When you go to interviews sometimes you’ll get some strange question about data structures. Most commonly it’s something about dictionary. Sometimes it’s ‘how you would implement dictionary’, sometimes it’s ‘find two words in dictionary’ or even ‘check if word is concatenation of words from dictionary’. If you think dictionary should be array/list then you’re screwed. So let’s fix some knowledge gaps.

What to use for dictionary ?

When it comes to data structures you should use one of two recommended for implementing dictionary.

First is hash table or simply associative array or even better hash map. That’s just fancy data structures names and some will use it interchangeably just to mess with you (those bastards). In Java it’s simply HashMap or Hashtable. If you ever look into implementation of Hashtable you’ll see that it even extends abstract class Dictionary. That’s says a lot about if solution is correct. Implementing your own simplified version of HashMap is simple. It’s just array of linked lists.

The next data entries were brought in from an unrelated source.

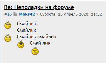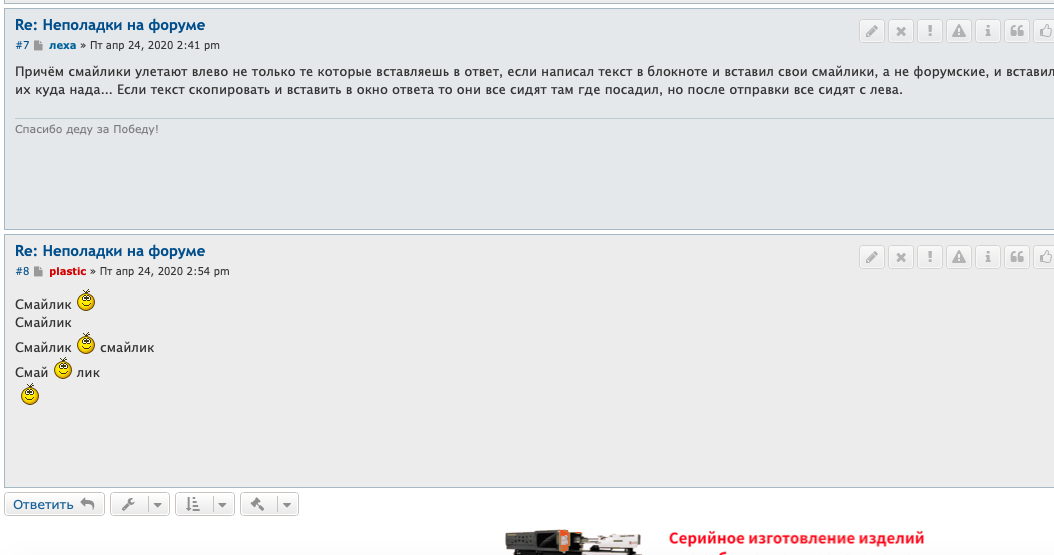 Причём смайлики улетают влево не только те которые вставляешь в ответ, если написал текст в блокноте и вставил свои смайлики, а не форумские, и вставил их куда нада... Если текст скопировать и вставить в окно ответа то они все сидят там где посадил, но после отправки все сидят с лева.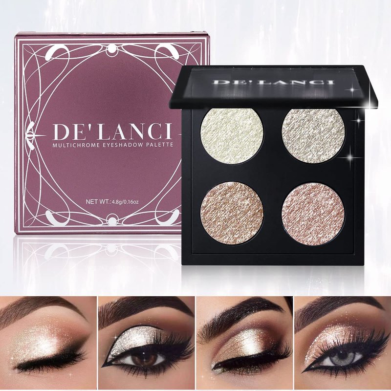 - ❤【The 4 color sparkle glitter eyeshadows palette】 : The 4 colors pressed luminescent glitter eyeshadow palettes include :glitter chameleon eyeshadow (white to gold),shimmer silver white color pearl ,shimmer natural warm champagne color,and shiny classic warm brown color.The high-shine metallic eyeshadow palette fit for beginners and professional to daily or party eyes /face/highlight makeup.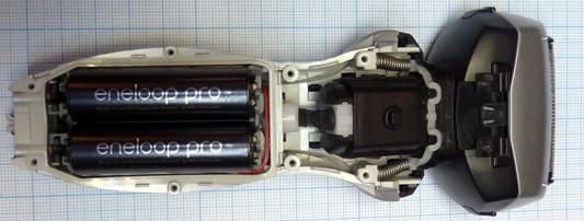 Эта бритва вела себя аналогично моей, и когда заряда стало хватать на 2-3 сеанса бритья пришло время «оживить» её по отработанному способу. Моему удивлению не было предела, когда я разобрал это устройство.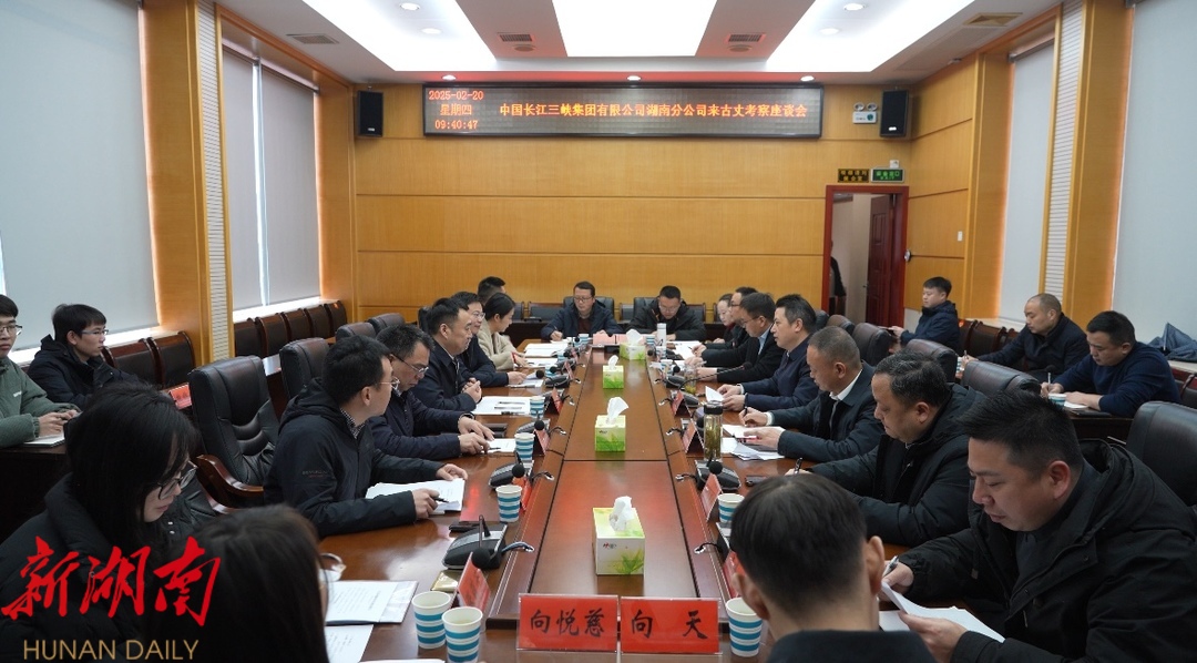 新湖南客户端2月21日讯(记者 郑湘 杨秀知)2月20日上午,湘西土家族苗族自治州古丈县委书记滕朝辉与三峡集团湖南分公司总经理金彪一行座谈,就清洁能源项目进行深入洽谈。三峡集团湖南分公司副总经理尹显俊、邓小云,县委常委、常务副县长刘学书及县直相关部门负责人参加座谈。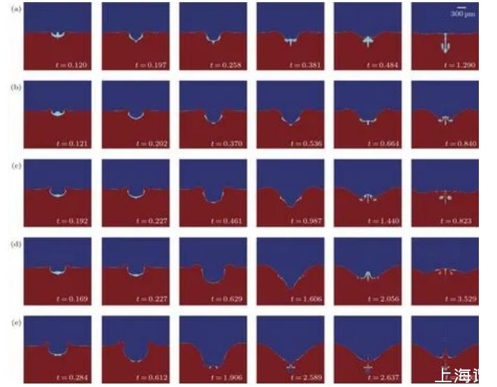 上述水滴撞擊水池的過程可以歸納為三個基本階段,第一階段為空腔的形成與膨脹;第二階段為毛細波傳播導致的空腔收縮;第三階段為空腔的回復。液滴撞擊深水液池時的運動分為完全聚結與部分聚結現象,在水滴與深水液池完全聚結時,水滴入水時由于水滴底部發生凹陷變形產生的氣泡夾帶隨著撞擊速度的增加而減小,而在部分聚結發生時氣泡的夾帶與截留行為則更為復雜。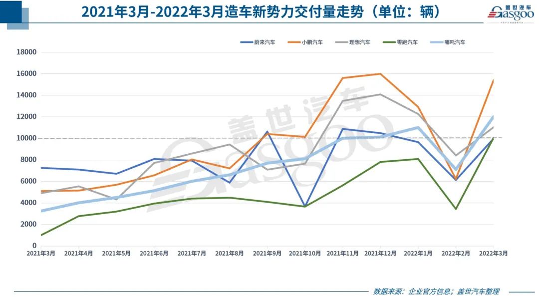 具体来看,小鹏汽车3月交付量环比大幅回升,达到15,414辆,同比增长202%,环比增长148%;哪吒汽车3月交付量达到12,026辆,同比增长270%,环比增长近7成;理想汽车3月交付量为11,034辆,同比增长125.2%,环比增长31%;零跑汽车破万可谓是3月新势力交付量最大的看点,3月其交付量达到10,059辆,同比增幅超200%,环比增长193%;蔚来虽未破万,但同比增长37.6%,环比增长了62.9%。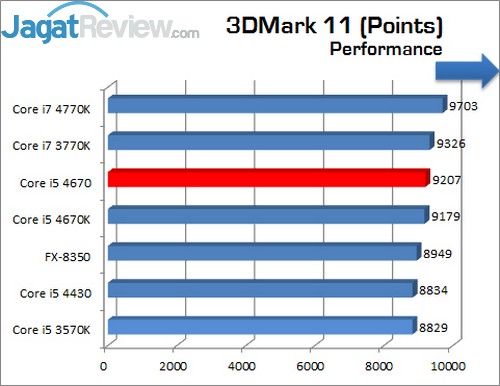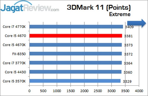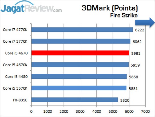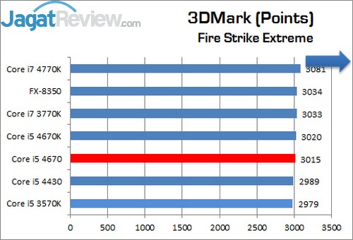 Pada pengujian ini Core i5 4670 mampu unggul atas 4670K dengan perbedaan 22 3DMark points. Perbedaan kurang dari 1% ini kembali membuktikan bahwa performa keduanya adalah sama.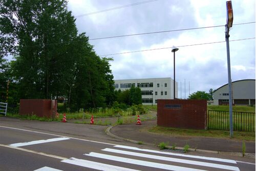 滝川市立江部乙中学校跡を訪ねてみた。 校門には滝川市立江部乙中学校のプレートが残っている。 校舎。 雑草が伸びていなければ まだ普通に使われていろうな雰囲気がある。 正面玄関。 校章。 シンボルツリーかな? 校舎と比較するとかなり大きい感じがする…
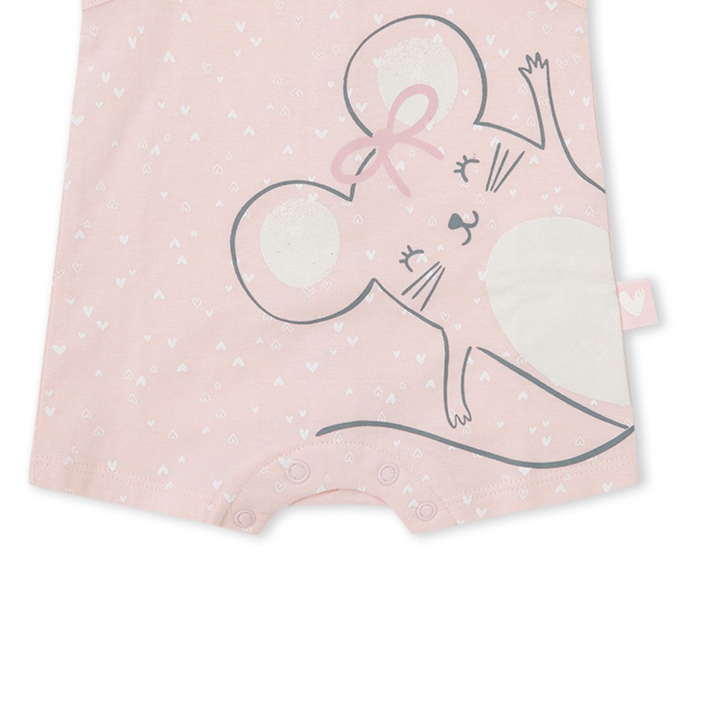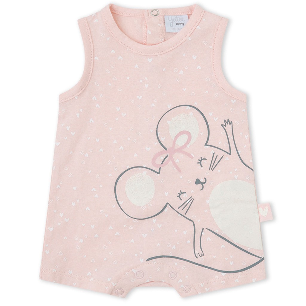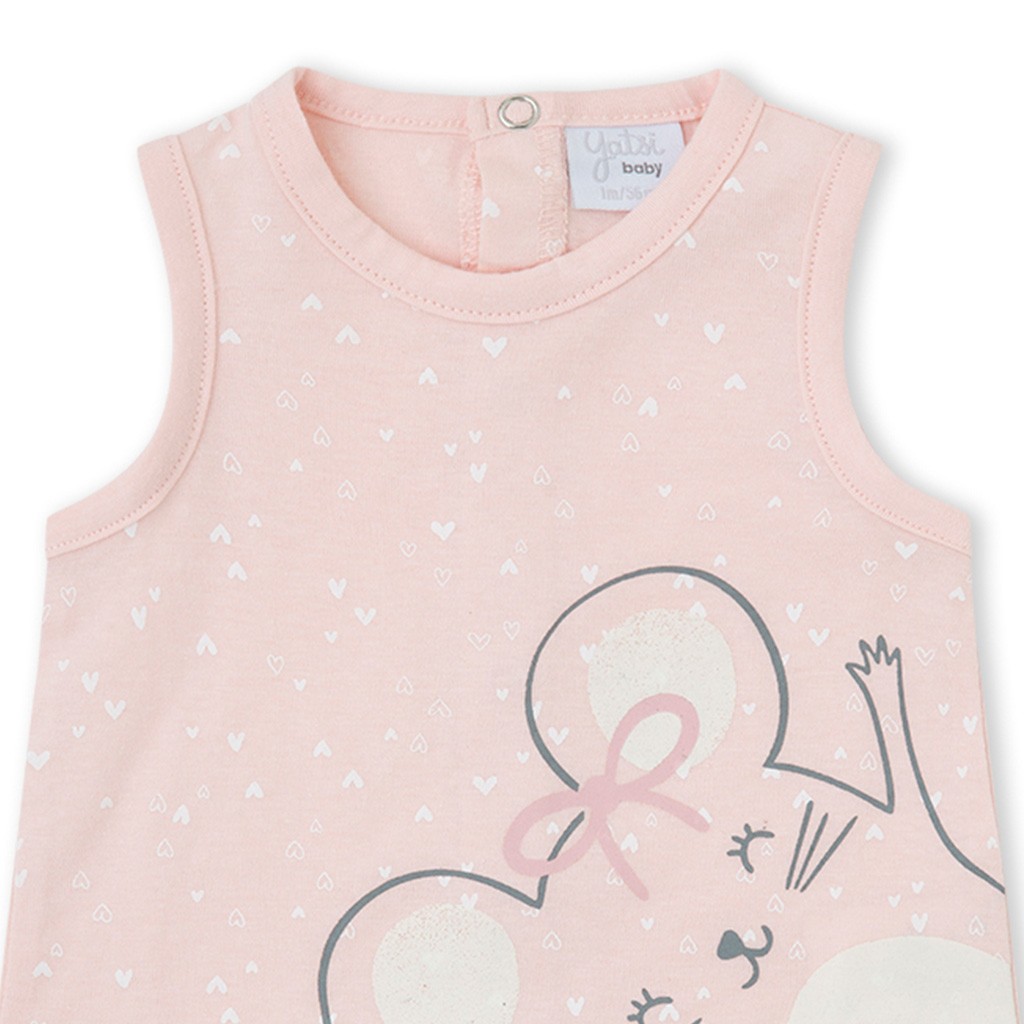Pelele de bebé de la marca Yatsi, cofeccionado en tejido de algodón estampado con corazoncitos y dibujo delatero, con cierre de corchetes en la espalda. Se envía en caja.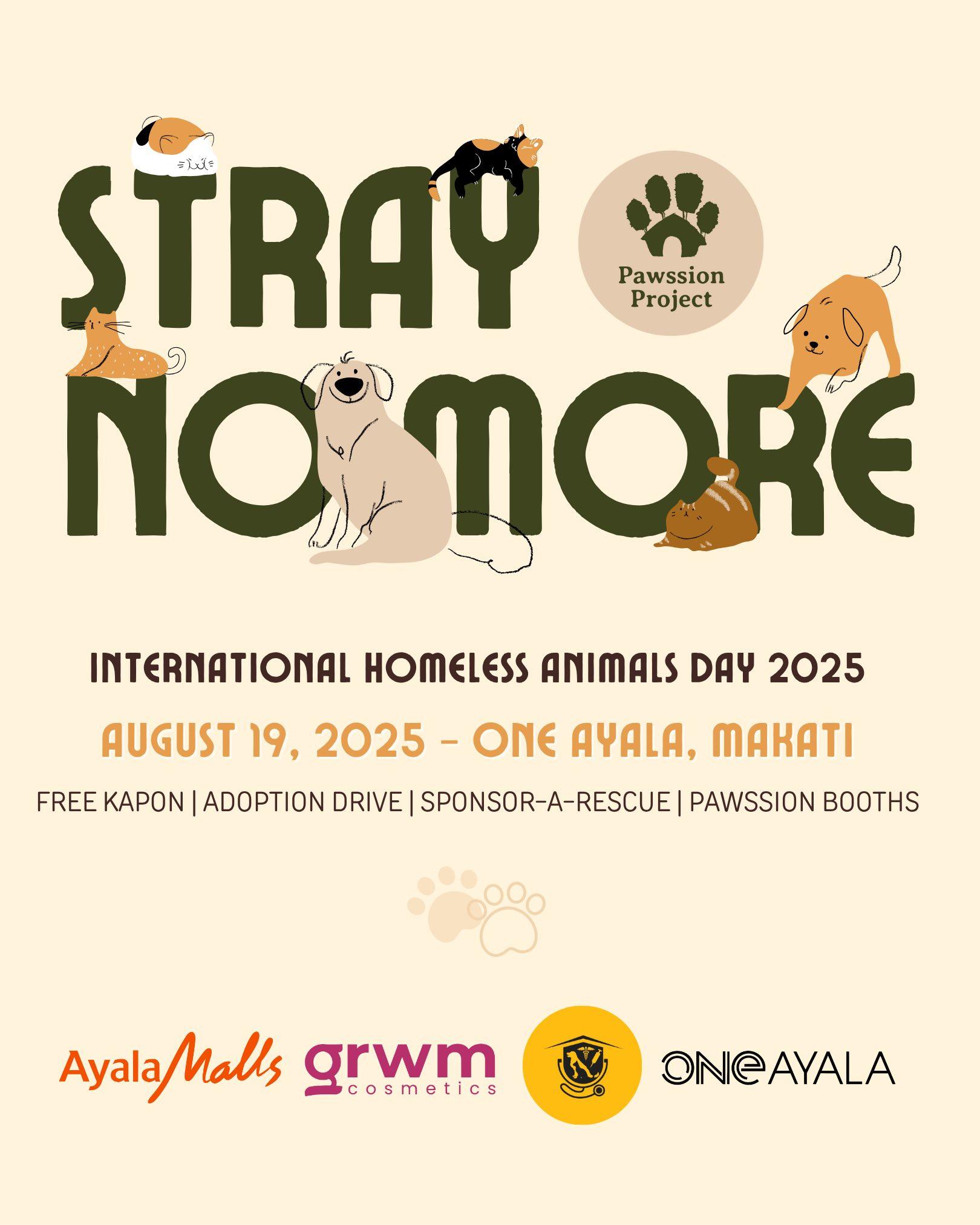 Join Stray No More by Pawssion Project at One Ayala, Makati on Aug. 19, 2025, — a heartfelt celebration of International Homeless Animal Day. This event shines a spotlight on homeless yet hopeful cats and dogs, giving them the chance to find loving homes.
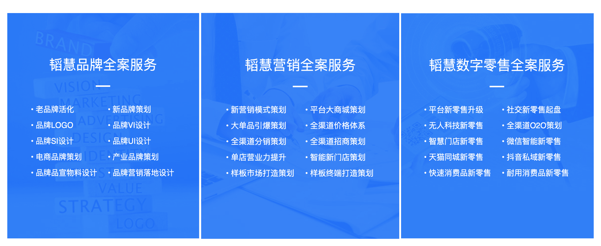 “三大區(qū)別”之三:“全渠道新零售經(jīng)營(yíng)”。韜慧咨詢立足于“全渠道”品牌營(yíng)銷策劃,不但提供線下渠道經(jīng)營(yíng)及品牌推廣,而且提供線上電商經(jīng)營(yíng)、社交電商經(jīng)營(yíng)、社交新零售經(jīng)營(yíng)、無人零售、AI經(jīng)營(yíng)等線上經(jīng)營(yíng)策劃,同時(shí)提供品牌全案策劃、營(yíng)銷全案策劃、全渠道新零售全案策劃“三大全案策劃服務(wù)”。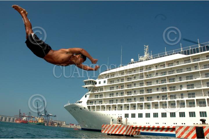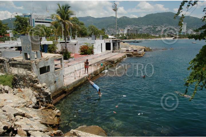 ACAPULCO, GUERRERO, 02SEPTIEMBRE2009.- Jóvenes de la costa ante la temperatura alta del calor optan por refrescarse tirándose un clavado en las aguas de la Bahía. FOTO: MARINO D. VALDEZ/CUARTOSCURO.COM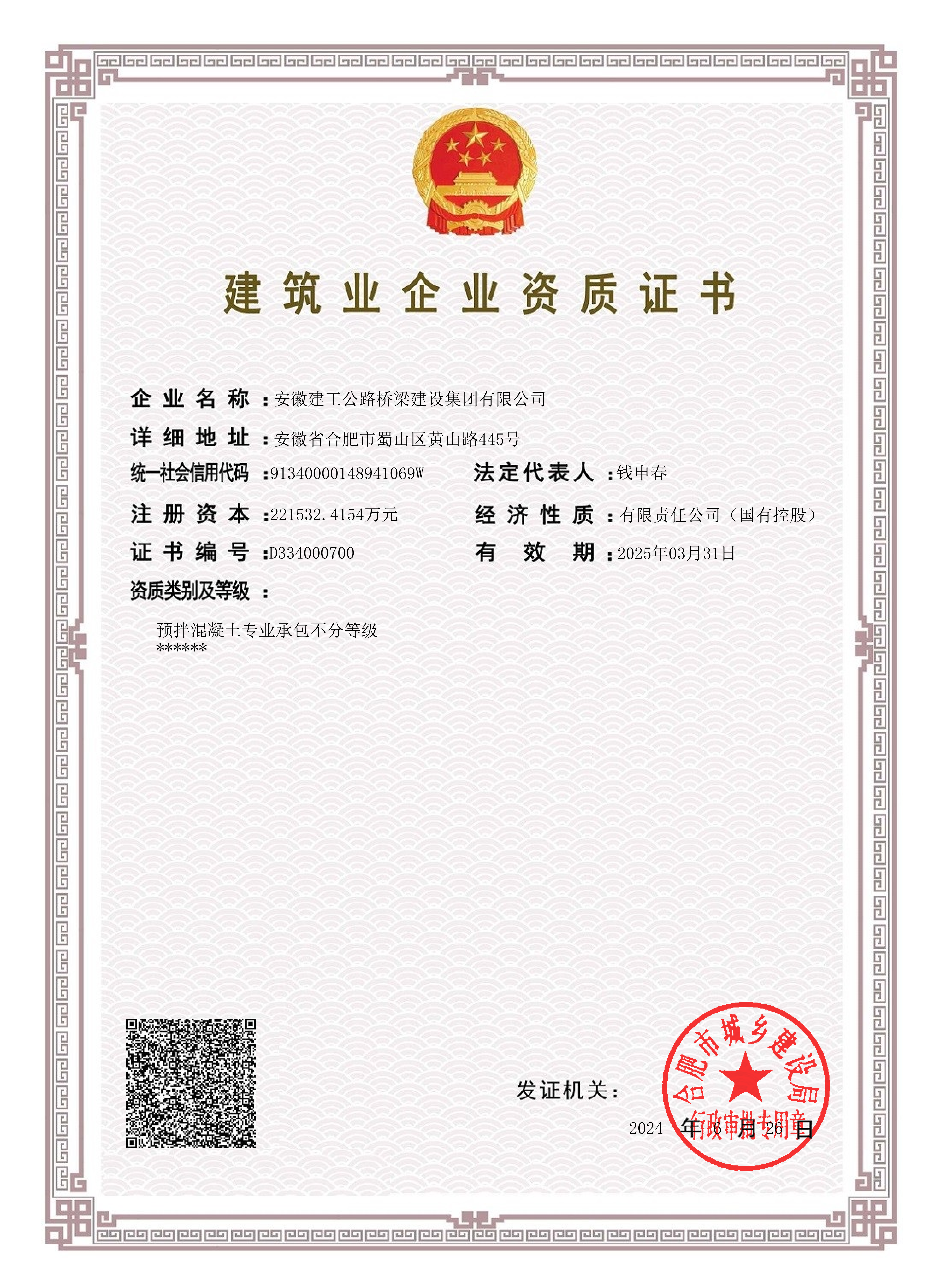 隧道工程專業(yè)承包壹級、城市及道路照明工程專業(yè)承包壹級、地基基礎(chǔ)工程專業(yè)承包壹級、環(huán)保工程專業(yè)承包壹級、橋梁工程專業(yè)承包壹級、市政公用工程施工總承包壹級、建筑工程施工總承包壹級、鋼結(jié)構(gòu)工程專業(yè)承包壹級、建筑裝修裝飾工程專業(yè)承包壹級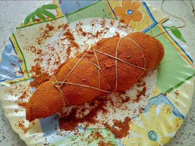 Возьмите чистую марлю, сверните в два слоя, плотно закрутите грудку. Обвяжите нитками. Можно сначала мясо убрать на 12 ч. в холодильник, а потом повесить вялиться в хорошо проветриваемое помещение с не высокой температурой на 2 - 5 дней. Но я сразу подвесила бастурму на не утеплённый балкон. Эти дни температура на улице была невысокая и на балконе было прохладно (не выше 10 гр.). Обязательно нужно следить, чтобы на мясо не попадали прямые солнечные лучи.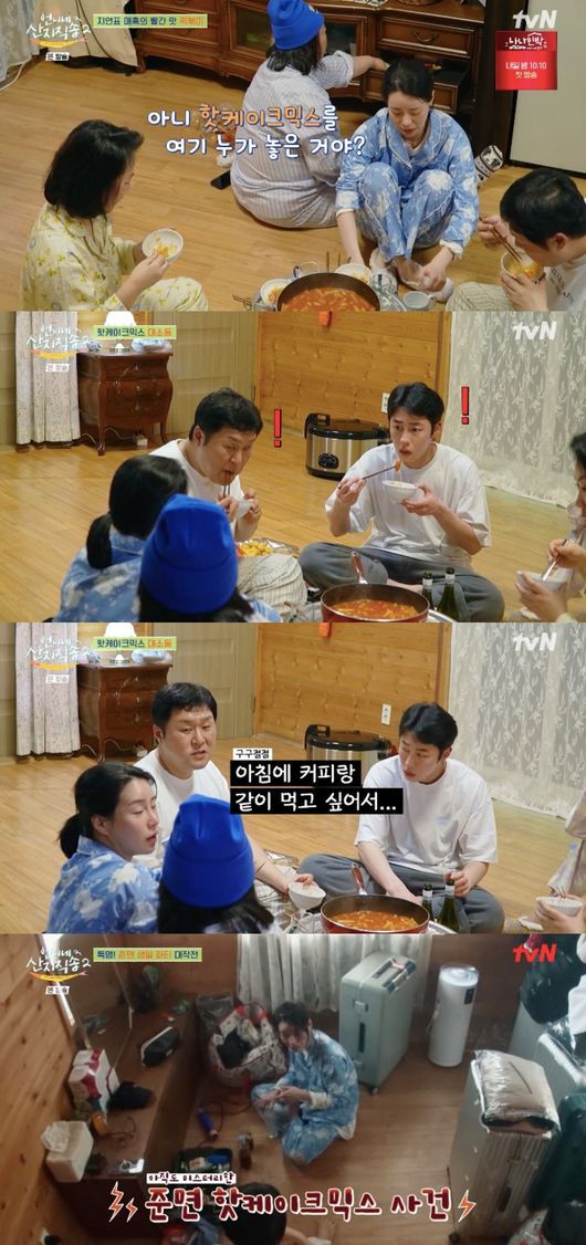 이날 야식으로 임지연표 떡볶이를 먹던 중 박준면은 땀 흘리는 이재욱을 위해 티슈를 건넸다. 이어 물티슈를 찾던 중 서랍장에서 핫케이크믹스 가루를 발견했고, 그는 “아니 핫케이크믹스를 왜 여기에 누가 넣은 거냐”라고 물었다.

Second approach is for those that want to have instant respect on the hood. It’s called Trie. It’s not typo. It’s a tree called trie. Tree trie. Someone had a little to much of fire water with green fairy to come up with this shit. On interview you’ll need to listen carefully if they said tree or trie. I’m not native speaker so both of those sounds exactly the same for me. It can be confusing at times. Getting back to the point. Computational complexity for search in hash table is on average O(1). Worst case is O(n). But for trie it’s length of string you’ll searching for.

Implementing your own trie

For ease of adding and searching we’ll add children length field. Which will be useful during interview if you’ll forget some details. This way it’ll be easier to figure out what’s what.

Basic structure is simple enough.

public class Trie {
    private int childValueLength = 1;
    private Map<String, Node> children = new HashMap<>();

    private static class Node extends Trie {
        private final String value;

        private Node(String value) {
            this.value = value;
            super.childValueLength = value.length() + 1;
        }
    }
}

Now let’s add add for adding new nodes.

private void add(Trie node, String value) {
    if (node.childValueLength == value.length()) {
        if (!node.children.containsKey(value)) {
            node.children.put(value, new Node(value));
        } else {
            throw new IllegalStateException("Value already exists");
        }
    } else {
        String valuePart = value.substring(0, node.childValueLength);

        if (node.children.containsKey(valuePart)) {
            add(node.children.get(valuePart), value);
        } else {
            Node partNode = new Node(valuePart);

            node.children.put(valuePart, partNode);

            add(partNode, value);
        }
    }
}

As always you’ll need to search some for values.

private Node find(Trie node, String value) {
    if (node.childValueLength > value.length()) {
        return null;
    }

    String valuePart = value.substring(0, node.childValueLength);

    if (node.children.containsKey(valuePart)) {
        Node child = node.children.get(valuePart);

        if (valuePart.length() == value.length()) {
            return child;
        } else if (valuePart.length() < value.length()) {
            return find(child, value);
        }
    }

    return null;
}

For distinguishing between dictionary values and intermediate nodes you’ll need to add definition or other similar field and check if it’s empty on not during search. You get the idea.

For additional exercise try and implement delete method and add missing field. It’ll do you good just as much as it’d helped me.

Full code example is here.

Summary

It’s only scary when you don’t know the answer. Sometime ago I’ve learned that optimization of application is hard if you only do language optimization and not data structure or algorithm. Now go play with other data structures.